A new churches' report (published by by the Baptist Union of Great Britain, the Church of Scotland, the Methodist Church and the United Reformed Church, through their Joint Public Issues Team) shows how evidence and statistics have been misused, misrepresented and manipulated to create untruths that stigmatise poor people, welfare recipients and those in receipt of benefits. Ekklesia has not been involved in the commissioning or production of this report, but as a thinktank working on welfare issues and advocating a major shift of public policy towards the needs, concerns and skills of marginalised people in society, we are pleased to endorse and publicise it.

A new churches' report (http://www.ekklesia.co.uk/files/truth_and_lies_report_final.pdf), published by by the Baptist Union of Great Britain, the Church of Scotland, the Methodist Church and the United Reformed Church through their Joint Public Issues Team, shows how evidence and statistics have been misused, misrepresented and manipulated to create untruths that stigmatise poor people, welfare recipients and those in receipt of benefits.

Ekklesia has not been involved in the commissioning or production of this report, but as a thinktank working on welfare issues and advocating a major shift of public policy towards the needs, concerns and skills of marginalised people in society, we are pleased to endorse and publicise it.

The lies we tell ourselves: ending comfortable myths about poverty begins with a case study, 'Troubled Families and Troubled Statistics', showing how facts and evidence were bent to meet the needs of policymakers.
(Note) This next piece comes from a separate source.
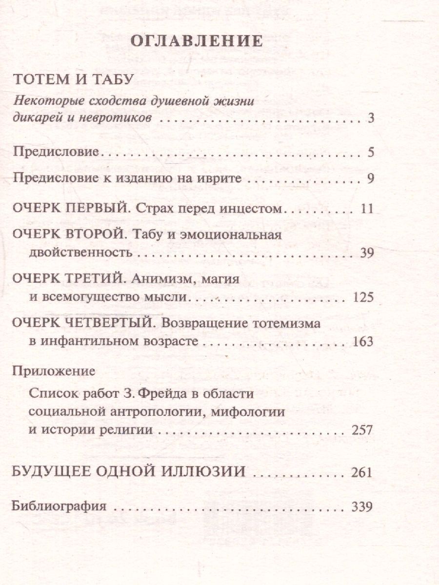 В своей знаковой работе "Тотем и табу" Зигмунд Фрейд на основе трудов виднейших антропологов, этнологов и психологов своего времени, с помощью методологии психоанализа сделал попытку проследить истоки наших страхов, комплексов и морально этических норм, сопоставляя обычаи первобытных племен и социально-нравственные запреты цивилизованного общества. В более поздней статье, "Будущее одной иллюзии", дополнившей этот сборник, он продолжил и развил исследование происхождения различных верований и догм, а также представил свой взгляд на место и будущее религии в социально-культурном контексте. Следует отметить, что "Тотем и табу" представляет не только научную, но и художественную ценность: Томас Манн был восхищен литературными достоинствами этой работы и относил ее к лучшим образцам немецкой эссеистики. Используя эмпирические знания о народах мира, исследования авторитетных антропологов и этнографов, Зигмунд Фрейд исследует корни человеческих догм и верований, доказывая, что наши моральные нормы имеют в своей основе представления о мире первобытного человека. Автор раскрывает тему культурных ограничений и необходимости принуждения к труду, обращаясь к истокам зарождения культуры и религии.Характеристики
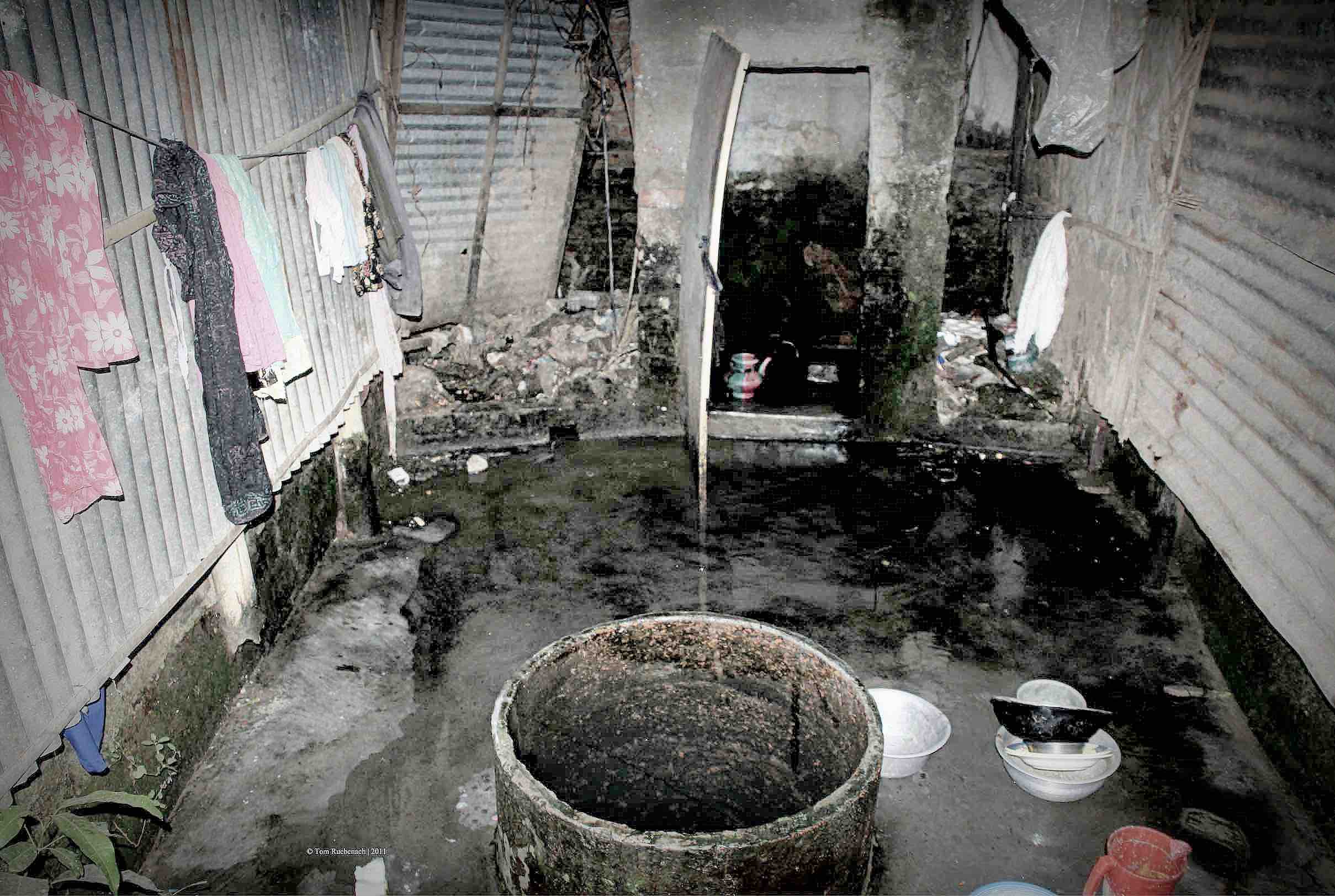 Die Familie, zu der mich Amit gebracht hat, bietet mir etwas zu trinken an. “Mögen Sie Wasser oder einen Tee? Wir machen Ihnen gern einen Tee,” sagen sie fast alle gleichzeitig. Amit erklärte, dass wir nicht so viel Zeit hätten und bald wieder zurück müssten. Das ist eigentlich sehr unhöflich. Wenn man in Bangladesch etwas angeboten bekommt, muss man es annehmen, sonst fühlen sich die Menschen verletzt. Aber sie verstehen, dass Amit und ich nicht allzu viel Zeit mitbringen, zumal es langsam dunkel wird. Und Straßenbeleuchtung im Slum ist wie Kanalisation einfach nicht vorhanden. Selbst die Stromversorgung für die Hütten, in denen die Menschen leben, ist nicht immer gewährleistet.

The reputations of society’s most disadvantaged families became collateral damage in the rush to defend a new policy. "Perhaps we are not surprised by this but we should be appalled," the report says.

The selective untruths exposed in the report are:
1. ‘They’ are lazy and don’t want to work.
2. ‘They’ are addicted to drink and drugs.
3. ‘They’ are not really poor – they just don’t manage their money properly.
4. ‘They’ are on the fiddle.
5. ‘They’ have an easy life.
6. ‘They’ caused the deficit.

The producers of the report, written by Paul Morrison and published on 1 March 2013, conclude: "As a coalition of major British Churches, we want to create a new story; one grounded in truth, compassion and hope. Part of our calling as Christians is to seek after truth, and that means facing up to our own blindness as well as calling others to account. Collectively we have come to believe things about poverty in the UK which are not grounded in fact. We need to develop an understanding of the depth and breadth of UK poverty that is compatible with the evidence available. Just as importantly we need to match the language of public debate with the reality of people’s lives. It is a task we must approach with humility; one which puts the lived experience of poverty at its heart, and one which is committed to truthfulness – no matter how uncomfortable we find those truths to be. Please join with us in this challenge."